Dec. 1: Tom Scheinfeldt on “Stuff Digital Humanists Like: Defining Digital Humanities by its Values”
Please join us on Wednesday, December 1, when The CUNY Digital Humanities Initiative and The CUNY Digital Studies Group will welcome Tom Scheinfeldt, Managing Director of George Mason University’s Center for History & New Media (CHNM), who will be speaking about “Stuff Digital Humanists Like: Defining Digital Humanities by its Values.”
At a time when the number and scope of digital humanities projects are growing, Tom’s talk represents an effort to step back and attempt to understand what differentiates successful and unsuccessful DH projects. What lessons can be drawn from projects that fly and those that fall flat? What inferences can be made about the DH community itself based on the types of projects it supports?
This will be our last talk of the semester, so please be sure to join us. We will be gathering for a final meal with CUNY Pie on Thursday, December 2 at 6pm, when we’ll visit John’s Pizza on Bleeker Street.
Time & place: December 1st , 6:30pm-8:30pm, CUNY Graduate Center, Room 9207.

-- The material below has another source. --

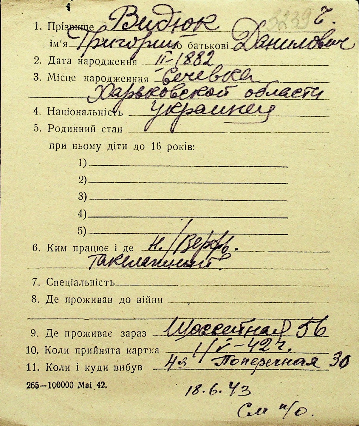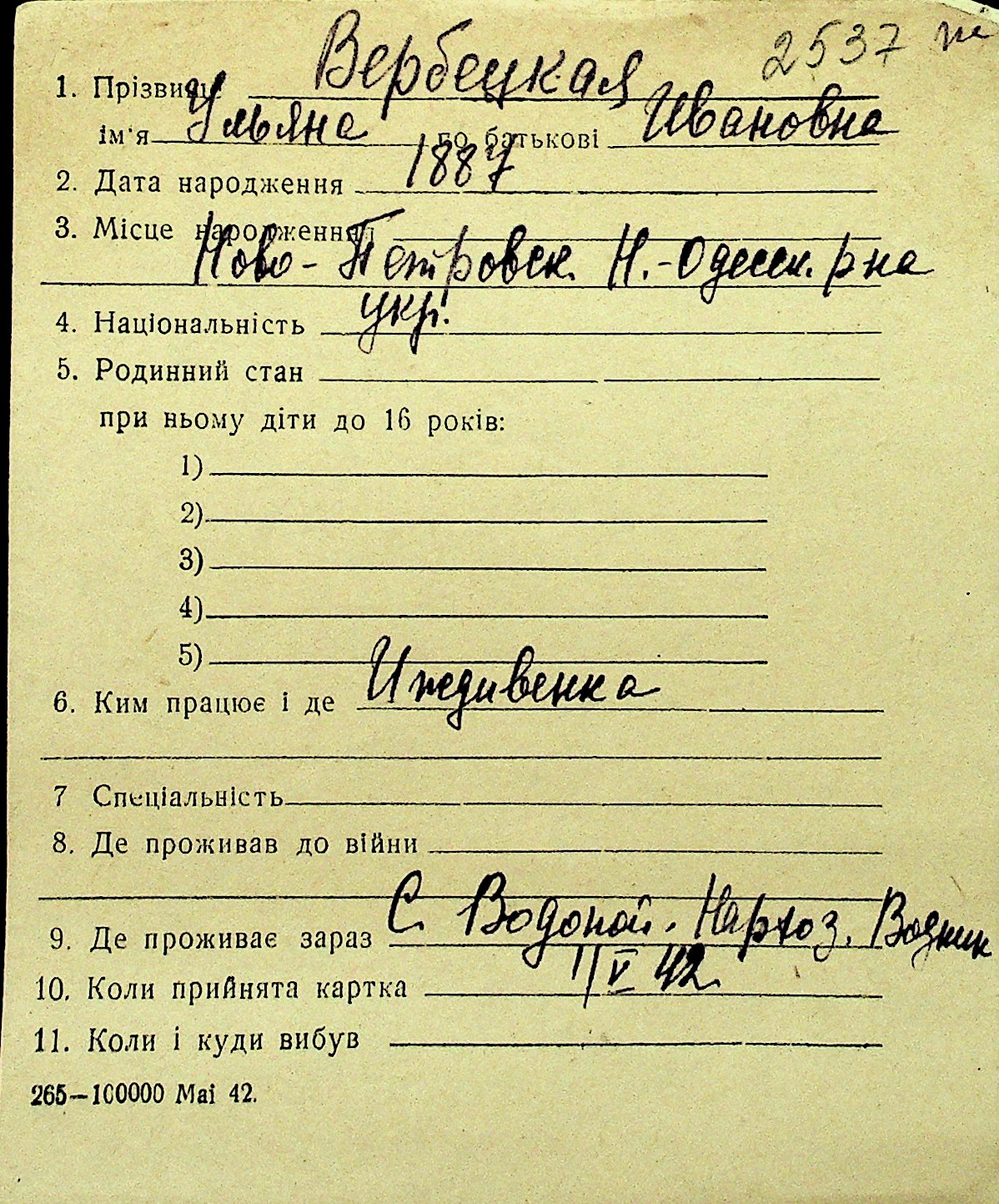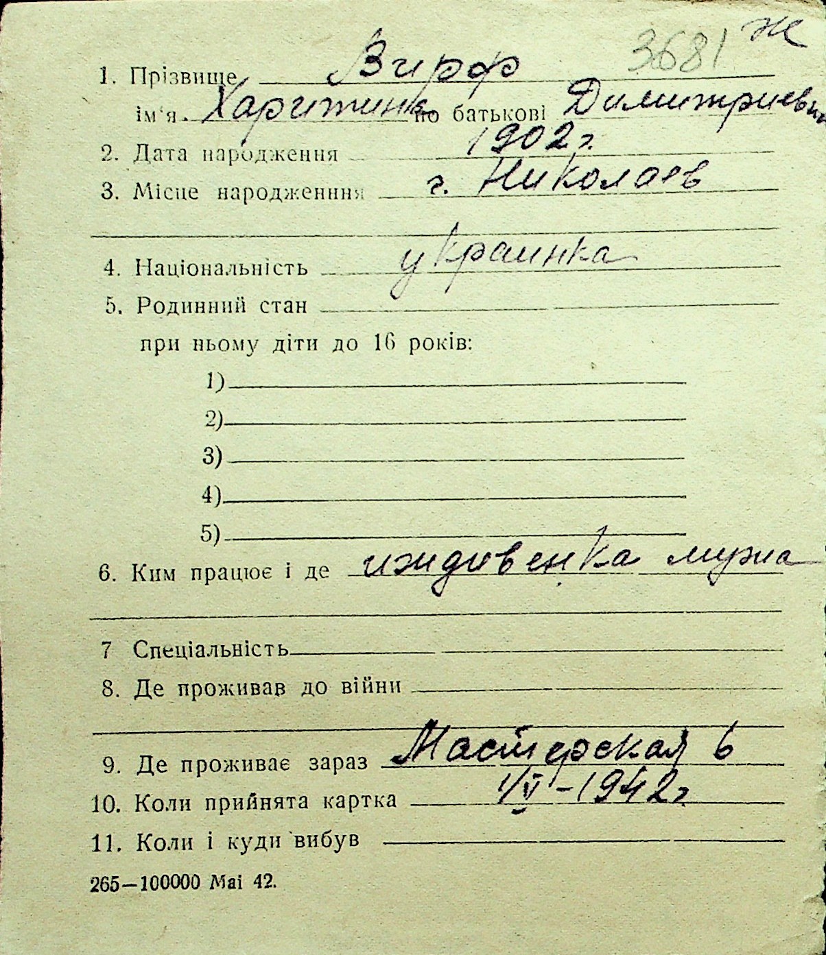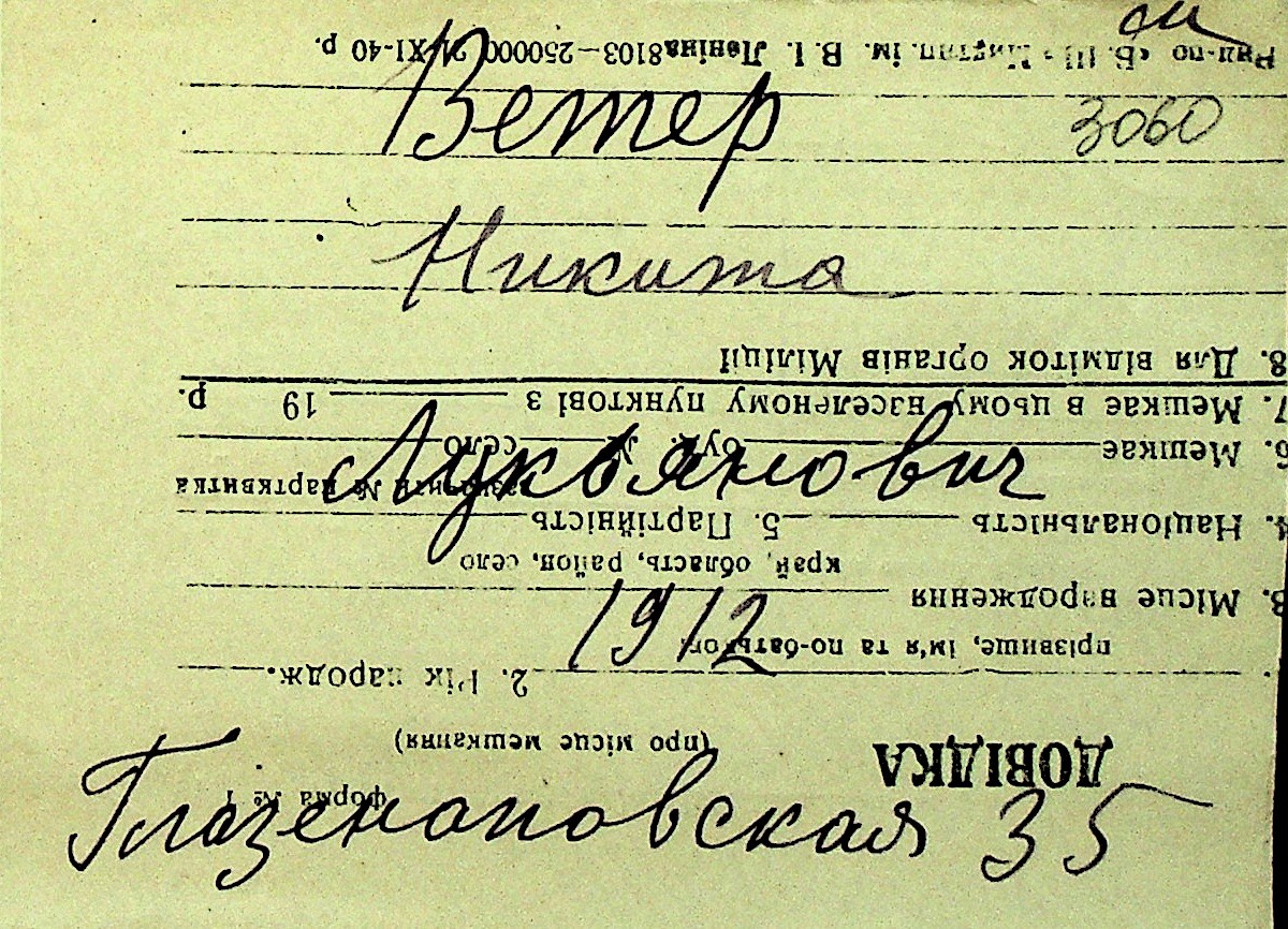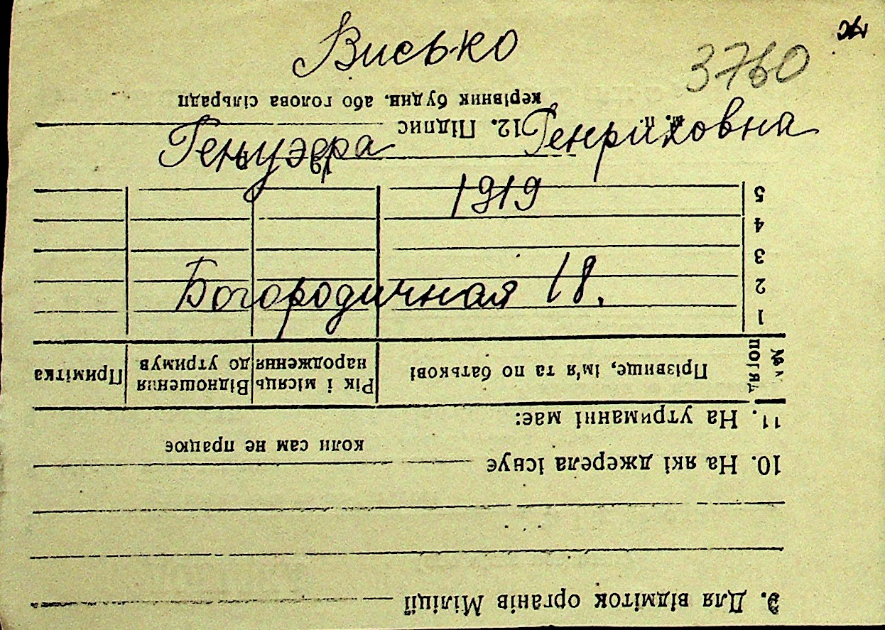 • • Перелік карток до фонду № Н-1016

Tom received his bachelor’s degree from Harvard and his master’s and doctoral degrees from Oxford, where his doctoral thesis examined inter-war interest in science and its history in diverse cultural contexts, including museums, universities, World’s Fairs and the mass media. A research associate at the Smithsonian Institution Archives and a fellow of the Science Museum, London, Tom has lectured and written extensively on the history of popular science, the history of museums, history and new media, and the changing role of history in society, and has worked on traditional exhibitions and digital projects at the Colorado Historical Society, the Museum of the History of Science in Oxford, The Louisiana State Museum, the National Museum of American History, and the Library of Congress. In addition to managing general operations at the Center for History and New Media, Tom directs several of its online history projects, including Omeka, THATCamp, One Week | One Tool, the September 11 Digital Archive, the Hurricane Digital Memory Bank, the Papers of the War Department, 1784-1800, and Gulag: Many Days, Many Lives.